A. Identical or Confusingly Similar

This Panel finds that the Respondent’s domain name <xenicalpurchase.com> is confusingly similar to Complainant’s well-known XENICAL trademark. The Complainant’s trademark was registered significantly earlier than the date of registration of the Respondent’s domain name <xenicalpurchase.com>.

In addition, the domain name <xenicalpurchase.com> wholly comprises Complainant’s ACCUTANE trademark, with the addition of the word “purchase”. Although the word “purchase” is generic, its composition with the Complainant’s trademark makes the domain name <xenicalpurchase.com> confusingly similar to the Complainant’s XENICAL trademark.
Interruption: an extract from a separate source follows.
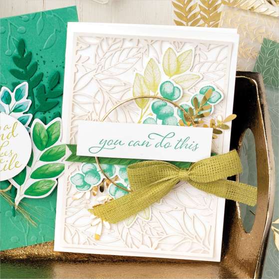 On this card below it shows the Greenery Embossing Folder but check the hoop out on this card. It encircles the sentiment.
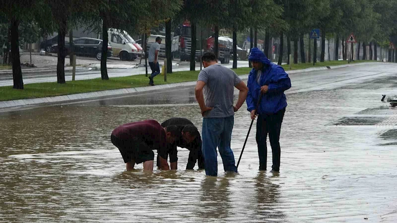 Vatandaşlar, birden etkili olan sağanak sonrası yolda su birikintisinin olduğunu, yağışın devam etmesiyle birlikte yolun tamamen ulaşıma kapatıldığını söylediler.

Furthermore, the addition of the gTLD “.com” is not a distinctive element, it is just a necessary element required for the registration of a first level domain name.

B. Rights or Legitimate Interests

This Panel finds, from the information and facts that were analyzed and from the lack of evidence to the contrary, that there is no indication that the Respondent has any rights or legitimate interests in connection with the disputed domain name that the disputed domain name is being used to intentionally misdirect to the Respondent’s website visitors who attempt to visit Complainant’s website; that the Respondent has not used nor prepared to use the <xenicalpurchase.com> domain name in connection with any good faith offering of goods or services as contemplated under paragraph 4(c)(i) of the Policy; nor that the Respondent is commonly known by the domain name as contemplated under paragraph 4(c)(ii) of the Policy; nor that the Respondent is making a legitimate noncommercial or fair use of the domain name, without intent for commercial gain to misleadingly divert consumers or to tarnish the trademark or service mark at issue as contemplated under paragraph 4(c)(iii) of the Policy. The Panel therefore finds that the Respondent has no rights or legitimate interests in respect of the domain name under paragraph 4(a)(ii) of the Plicy.

C. Registered and Used in Bad Faith

The Panel finds, from the information and facts that were analyzed, and from the lack of evidence to the contrary, that the registration and use of the domain name <xenicalpurchase.com> by the Respondent is in bad faith pursuant to paragraph 4(b)(iv) of the Policy, in particular but without limitation in view of the fact that the Respondent has intentionally attempted to attract, for commercial gain, Internet users to the Respondent’s website, by creating a likelihood of confusion with the Complainant’s trademark XENICAL, as to the source, sponsorship, affiliation, or endorsement of the website “www.xenicalpurchase.com”. Indeed, at the time the Complaint was filed, the disputed domain name directed Internet users to online pharmacy. This is evidence of registration and use in bad faith disputed domain name F. Hoffmann-La Roche AG v. Sergery Popov, WIPO Case No. D2009-0983.

7. Decision

Therefore, and in consideration of the Complaint’s compliance with the formal requirements for this domain name dispute proceeding, to the factual evidence and legal contentions that were submitted, to the conclusive confirmation of the presence of each of the elements contemplated in paragraph 4(a)(i), (ii) and (iii) of the Policy, and on the basis of the statements and documents submitted and in accordance with the Policy, the Rules and other applicable rules and principles of law, as directed by paragraphs 14(a) and (b) and 15(a) of the Rules, this Panel orders that the domain name <xenicalpurchase.com> be transferred to the Complainant.